Research shows that efficient African enterprises can compete with Chinese and Indian firms in factory floor costs. They become less competitive, though, because of higher indirect business costs, including infrastructure (electricity, telecommunications, roads, etc.). In China, indirect costs are about 8 percent of total costs, but in African countries they are 18-35 percent.
Building the African private sector will be crucial both for growth and for fostering a national consensus for growth-oriented policies. Improving the investment climate and enhancing the capacity of African entrepreneurs to invest and engage in business are central to this effort.
Improving the performance of the financial systems is high on the agenda for enterprise development. Firms in Africa identify financing constraints as even more severe than lack of infrastructure in limiting their business development.
Is Africa at a Turning Point?
Based on the records, the verdict is guarded.

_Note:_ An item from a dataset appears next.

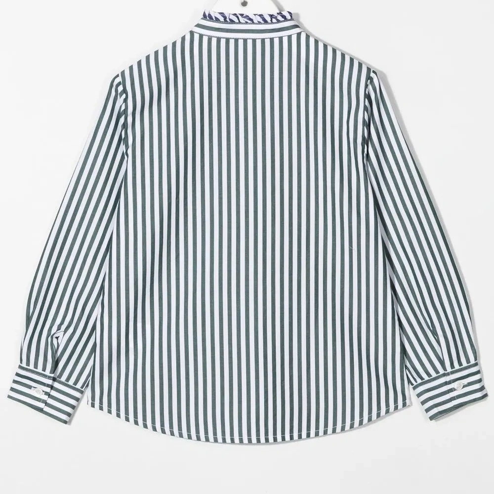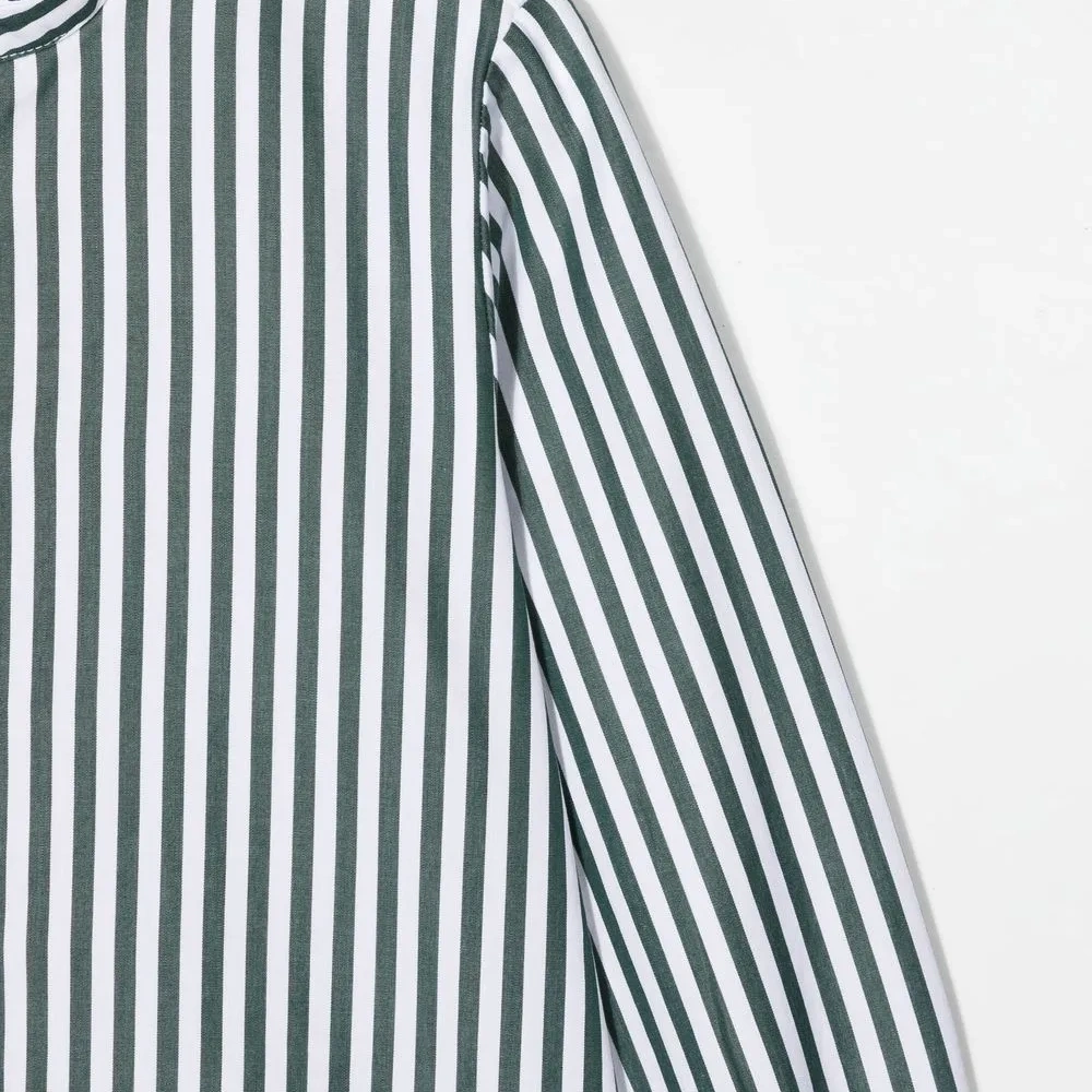 Темно-зеленый, кремовый, хлопок, принт в вертикальную полоску, воротник с оборками, застежка на пуговицах спереди, длинные рукава, манжеты на пуговицах и закругленный подол.
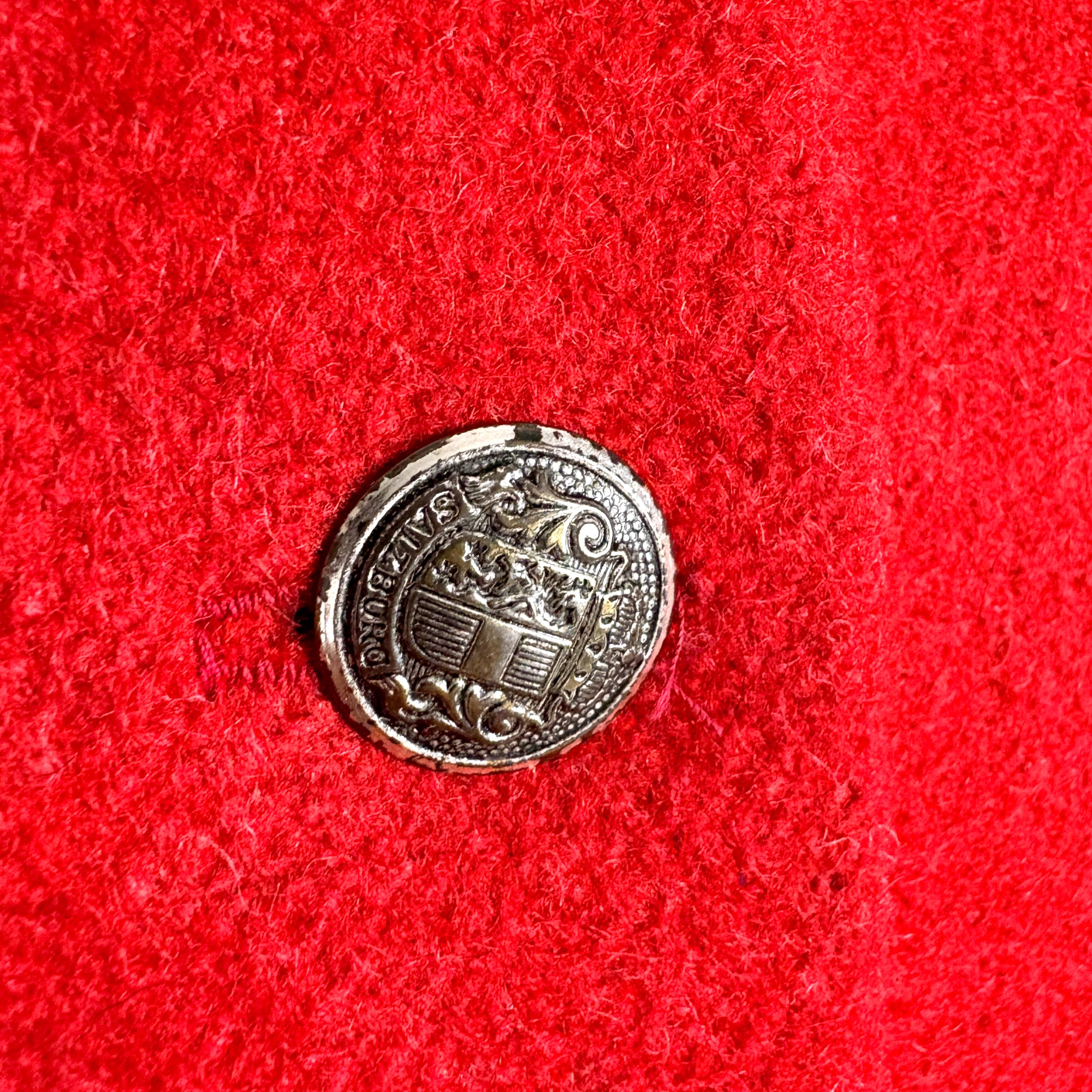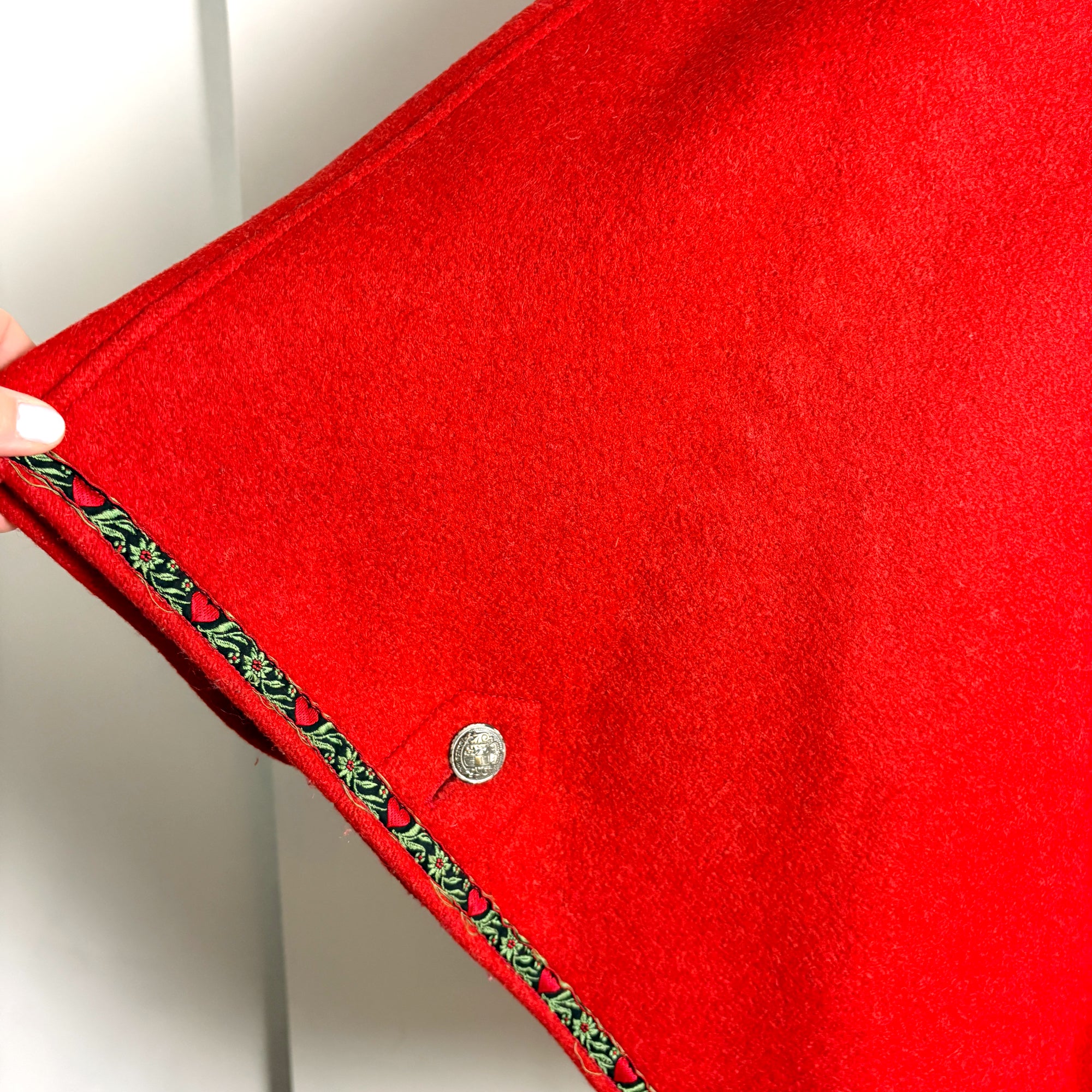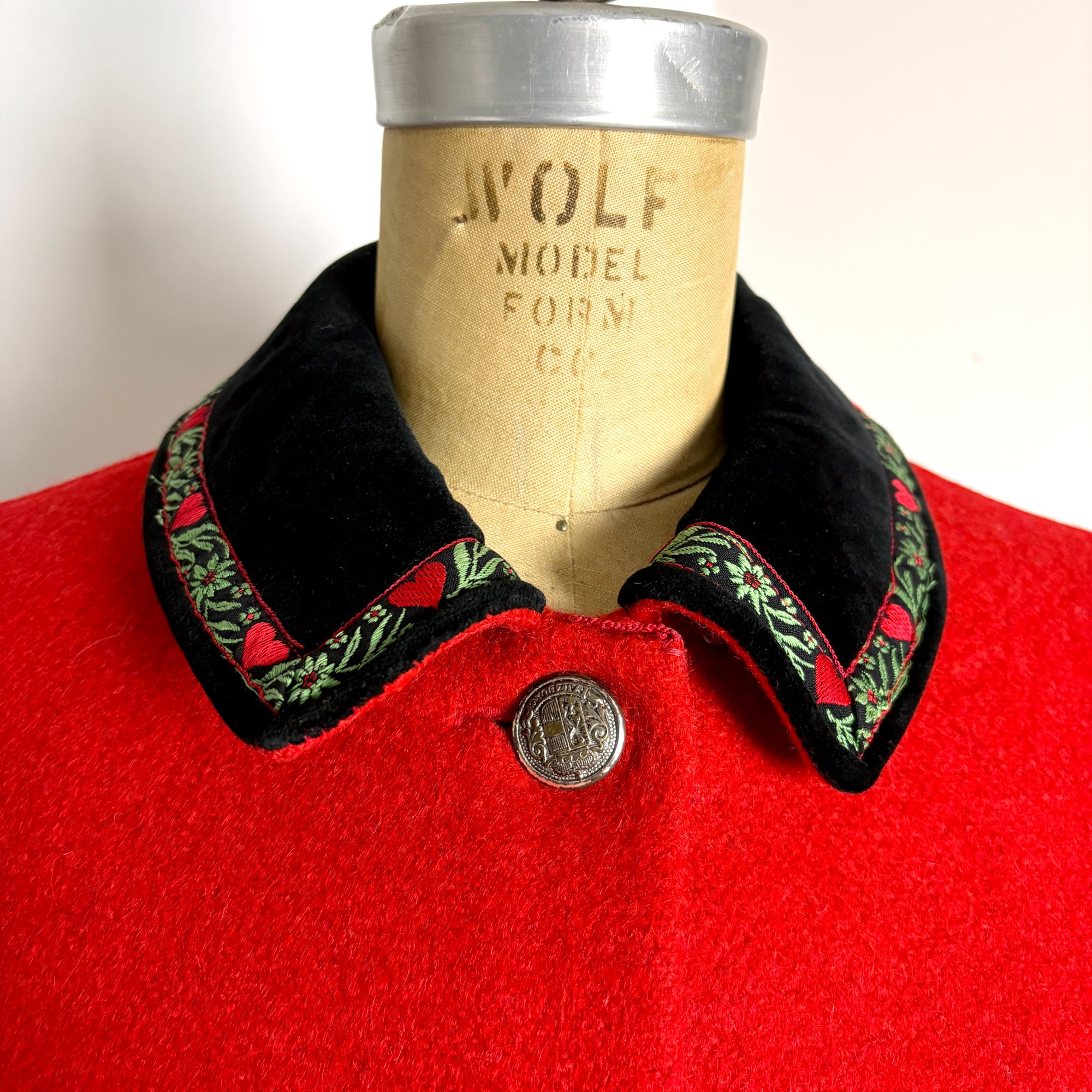 Live out your "The Sound of Music" fantasy in this red Trachten style cape. Velvet collar trimmed with jacquard heart ribbon. Four front buttons, metal, but not pewter. Buttons inside to make "sleeves."

There is indeed an acceleration of growth in sub-Saharan Africa, but its sustainability is fragile. African countries in general are increasingly able to avoid mistakes and economic collapses, but increasing and sustaining growth are a difficult challenge. Particularly needed are higher exports, more private sector growth, greater productivity of investment, higher foreign investment and remittances from migrant workers, greater regional efforts at tackling the infrastructure gaps, and improving agriculture. These economic fundamentals can be raised through continuing reforms and improved governance. In the long run, there is no substitute for improving human development and sharing the benefits of growth.
Predictions of Africa’s imminent recovery or demise have proved wrong on numerous occasions in the past 40 years. Some of its economies have been badly managed and have declined, whereas others have prospered. But the energy, imagination, and entrepreneurship of its people have overcome both limited opportunities and bad policies to place the region at a position in this new century where better governments and better policies can make a difference.
This essay is drawn from a World Bank publication titled Africa at Turning Point? Growth, Aid, and External Shocks, Edited by Delfin S. Go and John Page, 2008.